What are critics saying?


The New York Times by A.O. Scott

Sweet Sixteen shows that he's (Loach) as capable of anger as his protagonist and just as eager to draw attention to an unchanging problem: the blight of generational poverty.


Dallas Observer by Bill Gallo

There are no hearts and flowers in Loach's hard-edged world, no kindly interventions, no signs from heaven. Instead, he gives us the unvarnished facts about working-class exploitation and the failure of ambition in low places.


Christian Science Monitor by David Sterritt

Loach has made more memorable films, such as "Raining Stones" and "Ladybird Ladybird," but his dramatic sense remains strong and his social conscience is absolutely unstoppable.


L.A. Weekly by Ella Taylor

It's not a happy film, but there's much incidental, quotidian happiness in it.

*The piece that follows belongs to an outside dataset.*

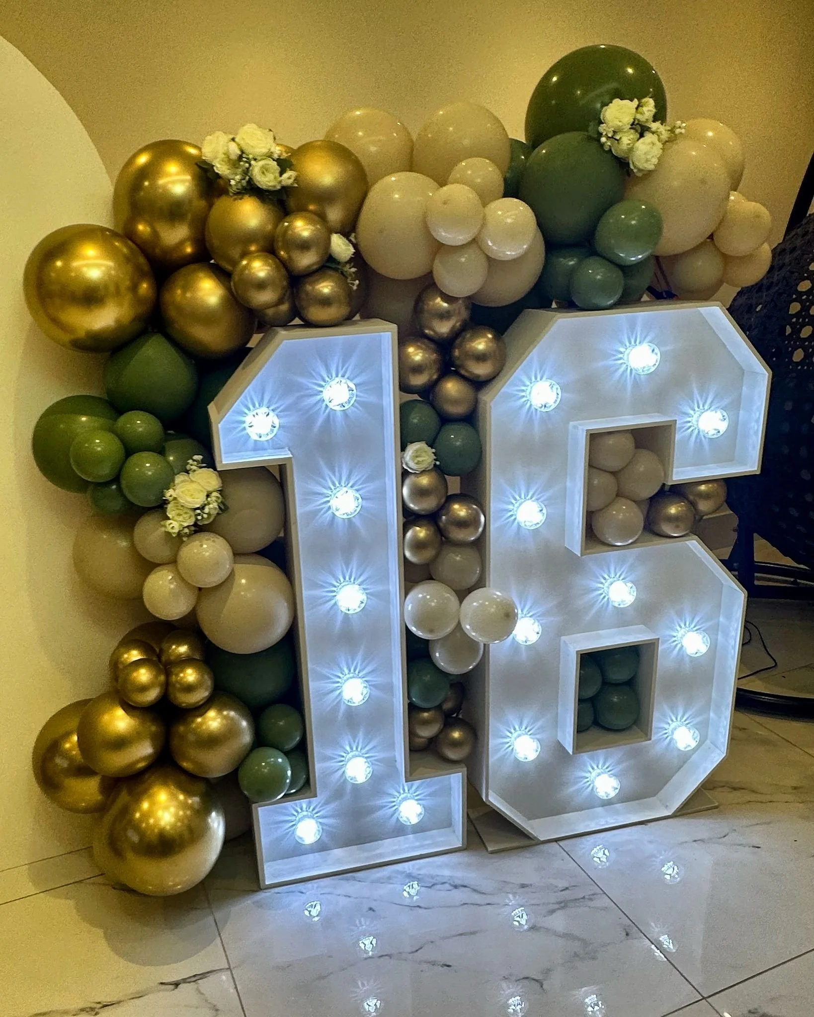 Rent big LED numbers to create a stunning visual statement that will captivate your guests, or consider crafting a beautifully designed custom balloon and number setup that is specifically tailored to enhance and reflect the unique theme of your special event.

Like Lynne Ramsay's lovely "Ratcatcher," the movie is far from sentimental about children.


ReelViews by James Berardinelli

It's an uncompromising movie that illustrates one of the most convincing personality transformations that I have seen in a recent motion picture.


Washington Post by Michael O'Sullivan

With unsurprising irony, the "Sixteen" of the title foreshadows Liam's birthday and even worse calamity, which makes a grim and gripping story all the more heartbreaking.


Chicago Sun-Times by Roger Ebert

The movie's performances have a simplicity and accuracy that is always convincing. Compston, who plays Liam, is a local 17-year-old discovered in auditions at his school. He has never acted before, but is effortlessly natural.